The validation data has approximately the same range of values as the test data, so extrapolation does not seem to be the issue.

My question is: if linear regression is doing that good in MAPE, RMSE and R2 in external datasets, can you ignore that it does not meet the assumptions? Is it telling me that it could do even better if it met the assumptions? And how can it be that despite not meeting the linearity assumption, it still does as good as XGBoost, which should handle non-linear data better?

PS: XGBoost has been hyper-optimized before comparing

Best Answer

The idea that you'd need to "make the data meet" certain model assumptions is wrong, as model assumptions are never perfectly fulfilled anyway. In particular, formal model assumptions almost always require that data are not pre-processed in a data dependent manner, including doing any transformation to make data look "more linear" or "more normal" and the like. So if data don't satisfy model assumptions before such pre-processing (which they quite generally don't), there is no way to make them satisfy the model assumptions doing any such thing.

Model assumptions mean that a statistical method has certain good properties if the model is true. This doesn't mean that it cannot perform well if model assumptions are not met. There is nothing that in principle stops a method such as linear regression from having a good prediction performance in case model assumptions are violated.

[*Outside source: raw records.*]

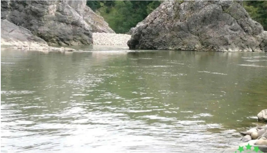
Blocurile de calcar de la b?dila vipere?ti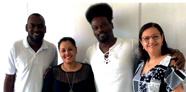
Estarão abertas as inscrições para o curso de extensão em língua Kimbundu.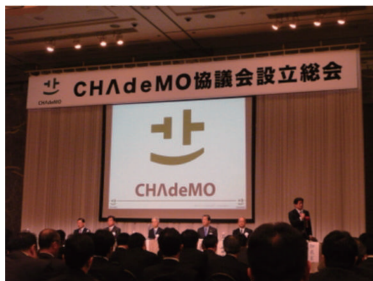
2010年3月 CHAdeMO 協議会設立

今では世界中に約1万7000台の充電器が設置されており、その数はまだ増えています。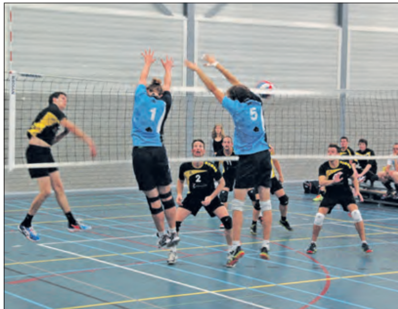
Heren 1 van Irene haalt alles uit de kast in de driekamp.

Zaterdag 19 september start de reguliere competitie van Irene volleybal met voor Heren 1 in de 2e divisie een uitwedstrijd in Rijswijk tegen Inter Rijswijk. (Erik Vos de Wael)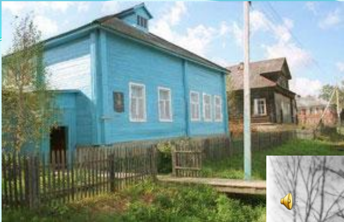
Музей Н. М. Рубцова в Никольско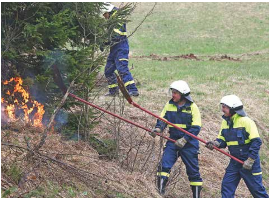
S pionirskimi in mladinskimi ekipami se udeležujemo občinskih in regijskih gasilskih tekmovanj.

Delo društva je močno povezano s krajem in krajanji tudi na drugih področjih. V dvorani gasilnega doma potekajo volitve, v njem organiziramo razne prireditve. Letos smo že drugič s pomočjo zagnanih prostovoljk organizirali proslavo ob materinskem dnevu. Dvorana z lepo okolico in infrastrukturo je primerna za različne dogodke in priložnosti. Možen je najem, verjame mo pa, da bodo z infrastrukturo zadovoljni tudi tisti zahtevnejši. Člani društva se trudimo, da bi pripomogli tudi k aktivnemu dogajanju v Cajnarški dolini. Za vse prebivalce doline, ki so želeli z nami, smo organizirali izlet s kopanjem ter martinovanje. Odločili smo se, da bomo s tovrstnim povezovanjem glede na odziv še nadaljevali, bomo pa veseli, če se nam pridruži še več krajanov.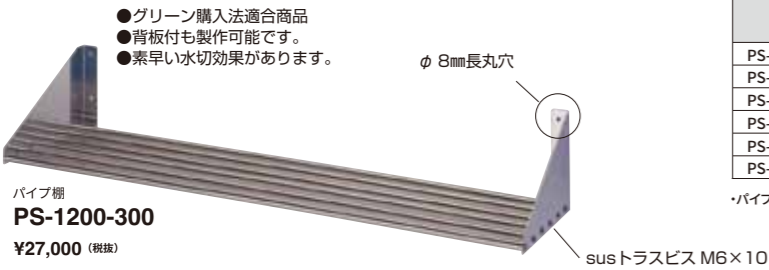
パイプ棚 PS-1200-300 ¥27,000 (税抜)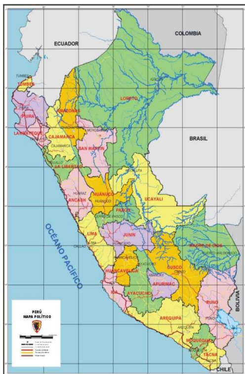
GRAFICO N°01 MAPA DE PERÚ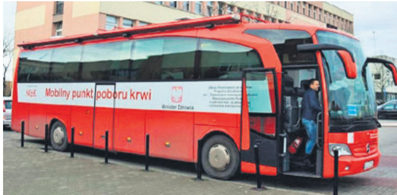
Krwiobus stanie przed KPP w Łęczycy 23 kwietnia

Pierwsza zbiórka będzie miała miejsce 23 kwietnia od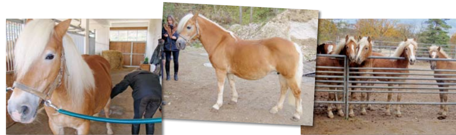
Novita lässt sich überall anfassen (links). Ihre Mutter Norena (Mitte) steht ebenfalls auf dem Gestüt. Der blonde Nachwuchs (links) von Novita und ihren Stallgenossinnen drängt sich am Zaun des weitläufigen Aktivstalls.

Umgänglicher als Novita kann man sich ein Pferd nicht wünschen. Sie lässt sich überall an-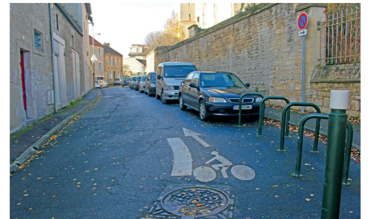
Rue Saint-Nicolas. Au fond à droite l'église Saint-Nicolas.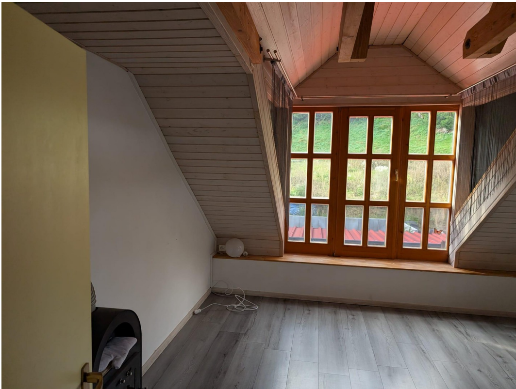
Wohnzimmer mit großer Gaube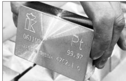
交易市场上的铂金块。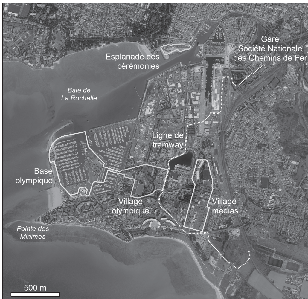
ILLUSTRATION 2 : Projet d'aménagement du village olympique, La Rochelle, Orthophotographie 2010, Institut Géographique National (carte : Dussier, 2014).

Autre argument important, les aménagements sont pour la grande majorité d'entre eux déjà réalisés (illustration 2). Cette situation présente un avantage économique, mais permet aussi d'éviter les risques liés à la planification et à la construction (non-respect des délais de livraison, malfaçon, conflits, réutilisation). Le coût de l'organisation serait donc de 26 millions d'euros et les délais pour réaliser les travaux de rénovation laisseraient des marges. De plus, Paris profitera de l'expérience acquise dans l'organisation d'autres manifestations sportives ce qui constitue toujours une garantie rassurante pour le CIO (Machemehl et Robène, 2014). La marina, les 20 000 m 2 de stationnements pour le village des coureurs et les bateaux, les trois cales de mises à l'eau, les 720 mètres de quais, la plage des Minimes constituent des espaces de circulation, de stockage, de stationnement et d'accès régis par des règles de fonctionnement qui ont déjà été éprouvées à l'occasion de compétitions non olympiques, mais dont les flux de sportifs, bateaux, journalistes et organisateurs sont comparables. La station météo complète le dispositif dans la mesure où elle donne des éléments de sécurité sur le site de pratique et permet une connaissance précise et utilisable de manière équitable du plan d'eau.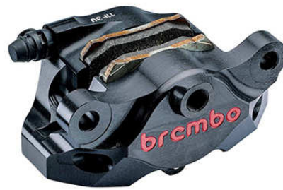
Rear CNC Caliper Kit 2P ブラックアルマイト 120.A441.30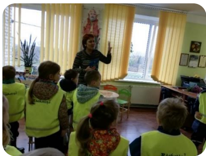
Bērnudārza bērni iepazīst Annenieku bibliotēku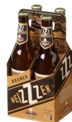
Karton à 4 Flaschen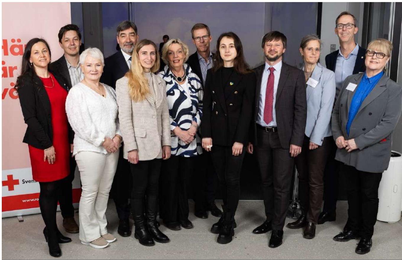
Представники Червоного Хреста України та Шведського Червоного Хреста на семінарі "Очима українців". Квітень 2024, Стокгольм.

Семінар також відвідали колишній міністр закордонних справ Швеції, представники Шведського агентства з питань міжнародної співпраці та розвитку, Академії Фольке Бернадотта, Шведського Агентства з цивільних надзвичайних ситуацій, національне ЗМІ Sveriges Television, компанії Volvo й Electrolux.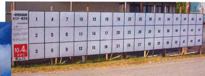
岩手県 I市 素材：STボード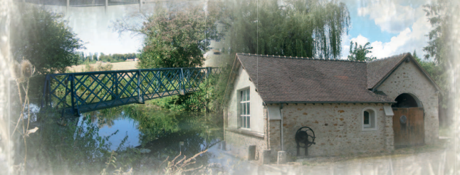
Un paysage façonné par les fermes briardes et arrosé par l'Yerres, autrefois bordée de moulins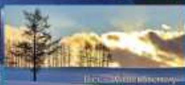
Kitahiro – White Horseway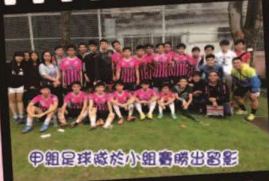
甲組足球隊於小組賽勝出留影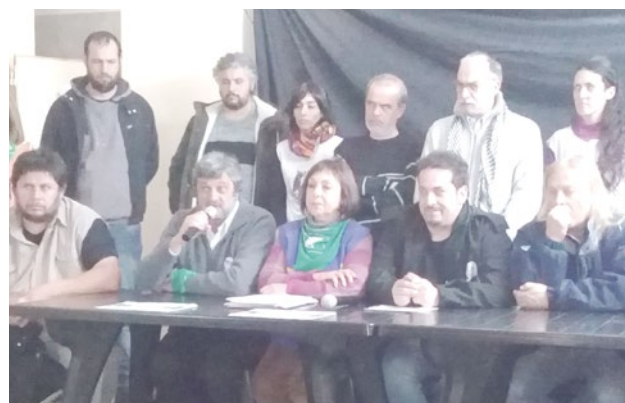
Conferencia de prensa en el SUTNA.

proyecto de presupuesto de ajuste y reclamando un paro nacional de 36 hs activo y que continúe con un plan de lucha. Barajar una fecha cercana al tratamiento del presupuesto para su realización con el mayor arco unitario alcanzado.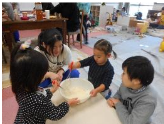
SちゃんHちゃんを見守るYくん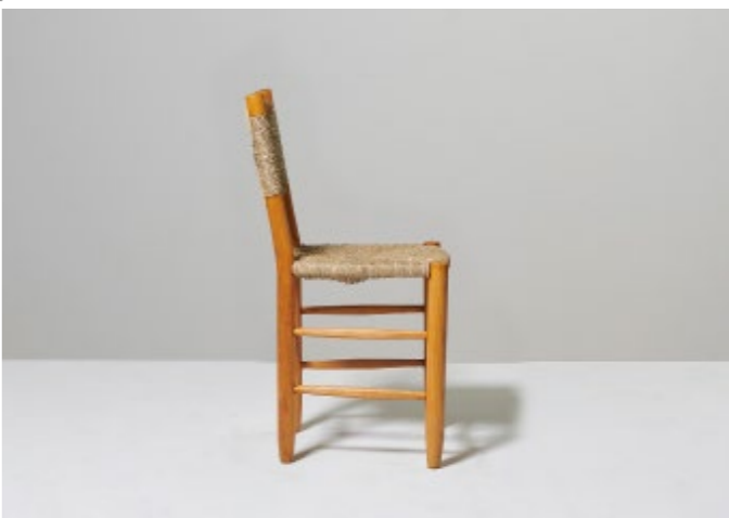
07. Charlotte Perriand

The role of any data manipulation that brings the data closer to how they supposedly should look like (namely here linear with normal residuals) can never be to ultimately meet the assumptions. It can however, in many situations, improve the fit of the model to the data, and then also the prediction accuracy. But if you don't find a way to improve your fit in this way, so be it. There is no guarantee. It is well known that normality and linearity tests are not a reliable indicator that such an improvement exists. Particularly with many data points assumptions can be rejected by such tests in situations in which violations are mild and improvements may not be available.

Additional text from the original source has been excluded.